Короче говоря, для Л. Витгенштейна игры, стулья и листья составляют естественные группы, каждая из которых установлена благодаря сетке частично совпадающих и пересекающихся сходных свойств.
Нечто подобное может иметь силу и для различных исследовательских проблем и технических приемов, которые связаны с отдельно взятой традицией нормального научного исследования. Общее между ними состоит не в том, что они удовлетворяют некоторому эксплицитному или даже полностью выявленному ряду правил и допущений, которые определяют характер традиции и укрепляют ее в научном мышлении, а в том, что их можно отнести на основании сходства или путем моделирования к той или иной части научного знания, которую какое-то научное сообщество признает в качестве одного из установленных достижений.
Данный процесс обучения путем теоретических или практических работ сопровождает весь ход приобщения к профессии ученого. По мере того как студент проходит путь от первого курса до докторской диссертации и дальше, проблемы, предлагаемые ему, становятся все более сложными и неповторимыми. Но они по-прежнему в значительной степени моделируются предыдущими достижениями, так же как и проблемы, обычно занимающие его в течение последующей самостоятельной научной деятельности.

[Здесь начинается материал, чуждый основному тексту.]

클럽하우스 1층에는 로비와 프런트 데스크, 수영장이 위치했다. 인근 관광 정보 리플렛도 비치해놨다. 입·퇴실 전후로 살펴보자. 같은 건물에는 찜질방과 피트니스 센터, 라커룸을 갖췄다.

Никому не возбраняется думать, что на этом пути ученый иногда пользуется интуитивно выработанными им самим правилами игры, но оснований для того, чтобы верить в это, слишком мало. Хотя многие ученые говорят уверенно и легко о собственных индивидуальных гипотезах, которые лежат в основе того или иного конкретного участка научного исследования, они характеризуют утвердившийся базис их области исследования, ее правомерные проблемы и методы лишь немногим лучше любого дилетанта. О том, что они вообще усвоили этот базис, свидетельствует главным образом их умение добиваться успеха в исследовании. Однако эту способность можно понять и не обращаясь к предполагаемым правилам игры.

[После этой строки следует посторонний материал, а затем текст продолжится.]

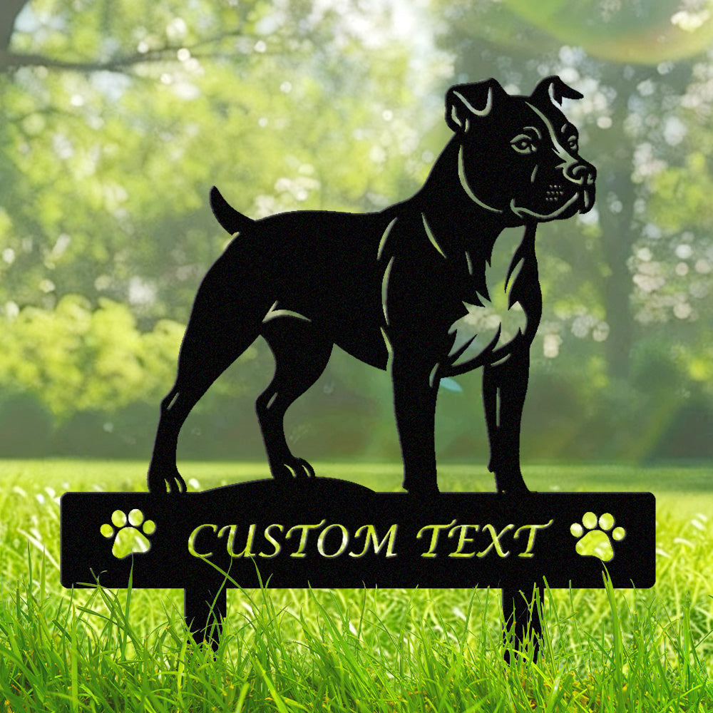 Amerikanischer Staffordshire Terrier Individuell gestalteter Hunde Silhouette Metall Gartenpfahl

Указанные последствия научного образования имеют оборотную сторону, которая служит основанием для третьей причины, позволяющей предположить, что парадигмы направляют научное исследование как благодаря непосредственному моделированию, так и с помощью абстрагированных из них правил. Нормальная наука может развиваться без правил лишь до тех пор, пока соответствующее научное сообщество принимает без сомнения уже достигнутые решения некоторых частных проблем. Правила, следовательно, должны постепенно приобретать принципиальное значение, а характерное равнодушие к ним должно исчезать всякий раз, когда утрачивается уверенность в парадигмах или моделях. Любопытно, что именно это и происходит. Для допарадигмального периода в особенности характерны частые и серьезные споры о правомерности методов, проблем и стандартных решений, хотя они служат скорее размежеванию школ, чем достижению согласия.
 Когда ученые спорят о том, были ли решены фундаментальные проблемы в их области, поиски правил приобретают такое значение, которого эти правила обычно не имели. Однако пока парадигмы остаются в силе, они могут функционировать без всякой рационализации и независимо от того, предпринимаются ли попытки их рационализировать.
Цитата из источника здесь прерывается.